■ **PROBLEM DETAILS**
Reproduce exactly the lines from the one containing "百位推荐:百位最近20期号码" through the last line of the records below, both included. Leave out any pictures.

[Entries taken from a collection]
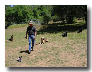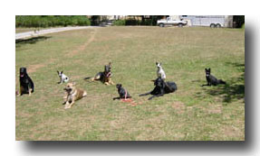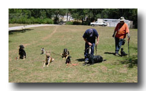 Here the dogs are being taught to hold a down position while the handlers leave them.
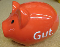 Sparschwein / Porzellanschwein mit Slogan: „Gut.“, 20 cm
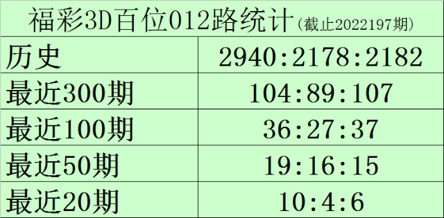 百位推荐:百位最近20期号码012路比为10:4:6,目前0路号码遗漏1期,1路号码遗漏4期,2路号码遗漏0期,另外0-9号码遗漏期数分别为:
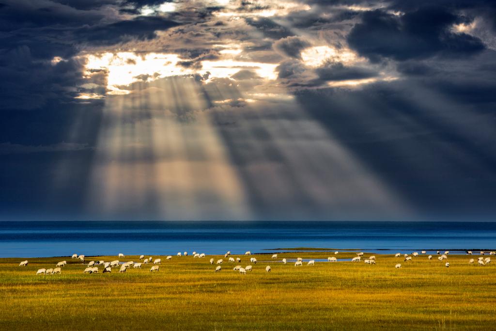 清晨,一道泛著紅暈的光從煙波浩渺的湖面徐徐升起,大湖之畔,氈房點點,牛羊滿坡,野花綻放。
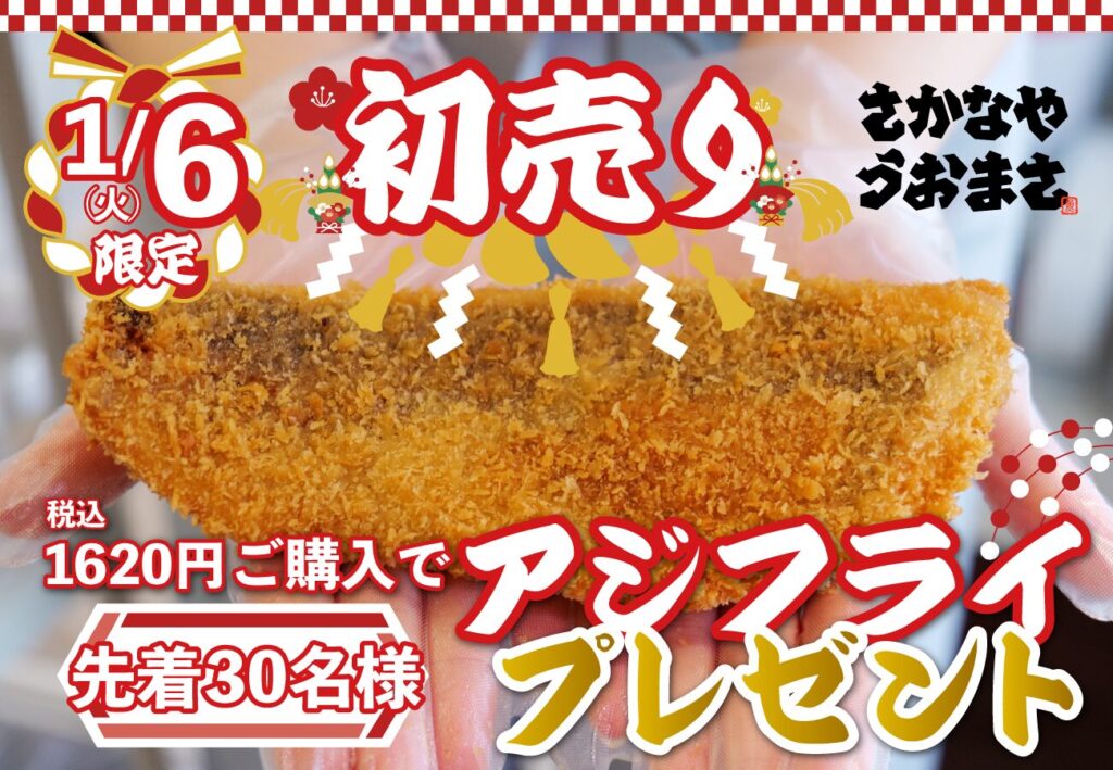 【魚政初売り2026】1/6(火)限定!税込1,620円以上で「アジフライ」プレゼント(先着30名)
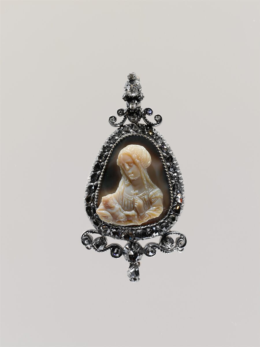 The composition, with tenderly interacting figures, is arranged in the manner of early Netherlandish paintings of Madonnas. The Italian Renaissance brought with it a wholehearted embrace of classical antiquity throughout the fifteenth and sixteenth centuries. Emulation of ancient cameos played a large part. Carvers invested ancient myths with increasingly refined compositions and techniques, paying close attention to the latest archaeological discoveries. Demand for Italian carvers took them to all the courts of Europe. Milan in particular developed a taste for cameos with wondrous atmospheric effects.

■ **ANSWER BOX**
 百位推荐:百位最近20期号码012路比为10:4:6,目前0路号码遗漏1期,1路号码遗漏4期,2路号码遗漏0期,另外0-9号码遗漏期数分别为:
 清晨,一道泛著紅暈的光從煙波浩渺的湖面徐徐升起,大湖之畔,氈房點點,牛羊滿坡,野花綻放。
 【魚政初売り2026】1/6(火)限定!税込1,620円以上で「アジフライ」プレゼント(先着30名)
 The composition, with tenderly interacting figures, is arranged in the manner of early Netherlandish paintings of Madonnas. The Italian Renaissance brought with it a wholehearted embrace of classical antiquity throughout the fifteenth and sixteenth centuries. Emulation of ancient cameos played a large part. Carvers invested ancient myths with increasingly refined compositions and techniques, paying close attention to the latest archaeological discoveries. Demand for Italian carvers took them to all the courts of Europe. Milan in particular developed a taste for cameos with wondrous atmospheric effects.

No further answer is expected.